Simulations of HIV capsid protein dimerization reveal the effect of chemistry and topography on the mechanism of hydrophobic protein association

TL;DR

This study uses detailed simulations to show how the hydrophobic interactions and surface topography of HIV capsid proteins influence their association, revealing a dewetting transition that can be modulated by mutations.

Contribution

It demonstrates how molecular-level surface features and mutations affect water expulsion and protein association mechanisms, advancing understanding of hydrophobic protein assembly.

Findings

Wild type CA-C proteins stay wet until contact.

Mutations can induce dewetting before contact.
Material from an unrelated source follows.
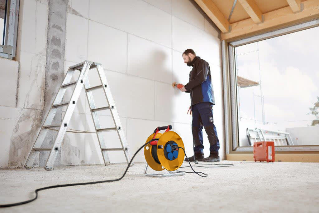 L'enrouleur de câble Standard PRO de brennenstuhl® dispose de 40m de câble H07RN-F, résistant aux hydrocarbures et d'un voyant de présence de tension. La poignée "cablepilot" de ce dérouleur facilite le transport, rend possible l'accroche et guide le câbl

Surface topography influences dewetting and association.

Abstract

Recent work has shown that the hydrophobic protein surfaces in aqueous solution sit near a drying transition. The tendency for these surfaces to expel water from their vicinity leads to self assembly of macromolecular complexes. In this article we show with a realistic model for a biologically pertinent system how this phenomenon appears at the molecular level. We focus on the association of the C-terminal domain (CA-C) of the human immunodeficiency virus (HIV) capsid protein. By combining all-atom simulations with specialized sampling techniques we measure the water density distribution during the approach of two CA-C proteins as a function of separation and amino acid sequence in the interfacial region. The simulations demonstrate that CA-C protein-protein interactions sit at the edge of a dewetting transition and that this mesoscopic manifestation of the underlying liquid-vapor phase transition can be readily manipulated by biology or protein engineering to significantly affect association behavior. While the wild type protein remains wet until contact, we identify a set of in silico mutations, in which three hydrophilic amino acids are replaced with nonpolar residues, that leads to dewetting prior to association. The existence of dewetting depends on the size and relative locations of substituted residues separated by nm length scales, indicating long range cooperativity and a sensitivity to surface topography. These observations identify important details which are missing from descriptions of protein association based on buried hydrophobic surface area.